(26) DrômeParfum de Jazz

16/08/2018 – Céline Bonacina Quartet à Parfum de Jazz

Je suis un enfant de jazz à Vienne. Et bien formé. Cela a fait sourire monsieur Boutellier pensant que j’allais l’appeler papa. Qu’il se rassure, je ne vais pas lui demander d’héritage. J’ai déjà amplement touché ma part. Je suis un enfant d’Uzeste. Uzeste, l’étonnement permanent, le poétique, le chaos de la création. Pour plagier Joëlle Léandre, vingt ans pour apprendre avec Vienne, vingt pour désapprendre avec Uzeste. Les enfants de Lubat, de source sûre, ont quitté cette année le navire et souhaitent voler de leurs propres ailes.

Il me vient parfois des envies de convoquer ce cher Spinoza. Que vient-il faire en Drôme provençale ? Ce fut le premier, bien avant Freud, à considérer que le moteur de toute chose c’est le désir. Et que “l’amour est une joie qu’accompagne une cause extérieure”. Un festival comme Parfum de jazz, né de la générosité d’une équipe, se désire. Il faut sans doute beaucoup d’amour pour le porter. Un concert de Céline Bonacina se désire tout autant. Quand il y a désir partagé, cela fait de grandes rencontres. Les histoires peuvent se partager.

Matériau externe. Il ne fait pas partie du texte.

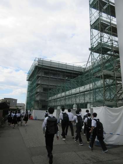 受賞報告、壮行会、意見発表に続き、終業式を校内オンラインで行います。
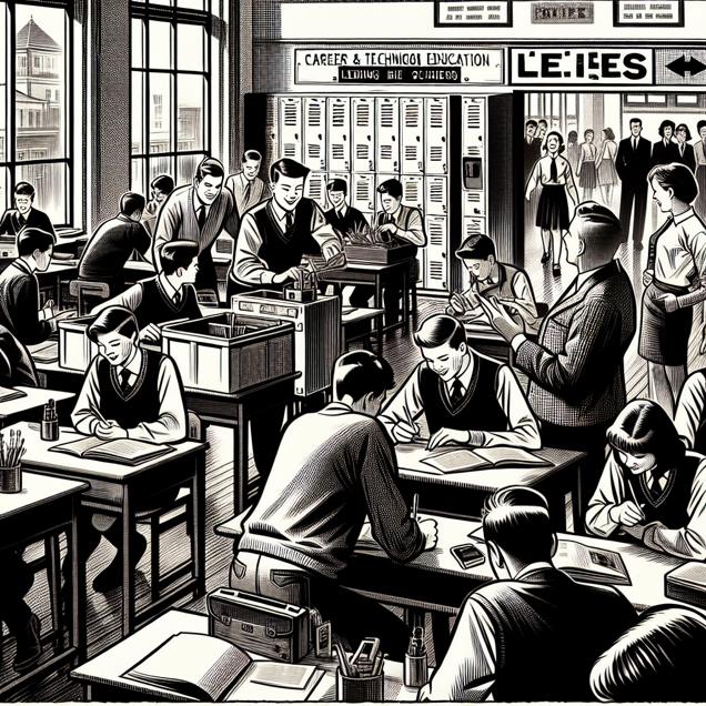 ChatGPT: Generate an image of a bustling high school career/technical education classroom in a classic black-and-white newspaper illustration style. The room should be filled with eager students, while the name "Lee" appears on multiple lockers in the hallways. The career/technical education teacher, also named Lee, should be depicted as popular and well-liked among the students, who are excitedly engaged in hands-on learning activities. Capture the lively yet orderly atmosphere of the classroom and hallway within the simple black-and-white illustration.

Un concert de Céline Bonacina est une chouette histoire. Considéré dans son ensemble, il y a de la dramaturgie et les morceaux se succèdent avec soin, par de belles transitions. Il y a de la profondeur. Les musiciens ne se contentent pas de maîtriser un répertoire aguerri au fil des tournées “on the road”, ils s’attardent, creusent et nous intègrent dans leurs recherches sonores. Céline Bonacina nous prend par la main et les oreilles et nous embarque. C’est elle qui dirige. J’ai été conquis par son son de saxophone, par le naturel de son souffle et la sérénité de son chant. Me sont venues en tête les paroles d’une chanson de Nougaro. Celle qui raconte les affres du compositeur, empêché dans son élan créateur par son épouse qui veut à tout prix épousseter et jouer de l’aspirateur. Il meurt brutalement et se retrouve au paradis où “tout n’est qu’éclat, fraicheur, splendeur… cristal de joie, pur diapason”. C’est elle qui tient le quartet et emporte le groupe. Elle entretient avec chaque musicien un lien particulier et les connivences mélodiques, harmoniques et rythmiques sont permanentes. Les thèmes se baladent du saxo au piano. On entend des échos, des réponses. Les musiciens sont dans une stimulation excitante. J’ai pensé au duo éphémère Lubat / Corneloup. Ou comment les artistes se donnent l’énergie mutuellement, se rechargent. Pour le spectateur, c’est jouissif. Les compositions sont de toute beauté et la musique atteint très vite une apothéose dans une exaltation, une profusion et un débordement irrépressibles. Un concert de Céline Bonacina est un petit “Miracle”, comme en produit régulièrement son acolyte N’guyên Lê (voir ici ). Chaque musicien, tout en s’exprimant totalement, est en connexion continue avec les autres, la fusion prend, chacun soutenant les envolées singulières de ses partenaires. Tous m’ont impressionné : le percussionniste Asaf Sirkis par sa belle présence et sa puissance de jeu, le contrebassiste Matyas Sandzaï par son sens aigu de la mélodie. Sous les doigts du pianiste Léonardo Montana, c’est une pluie de notes et la grande force lyrique des maitres de l’harmonie et du rythme. Ce quartet raconte une belle histoire et sait la faire partager. Dans ce cadre magnifique de Parfum de jazz, un des seuls festival avec Uzeste où on ne vous fouille pas à l’entrée et où on ne vous prend pas pour des cons..ommateurs.

J’ai le désir de revoir Céline Bonacina, dans un autre contexte. Le désir aussi de revenir dans la Drôme. Et de rester enfant. Eternellement.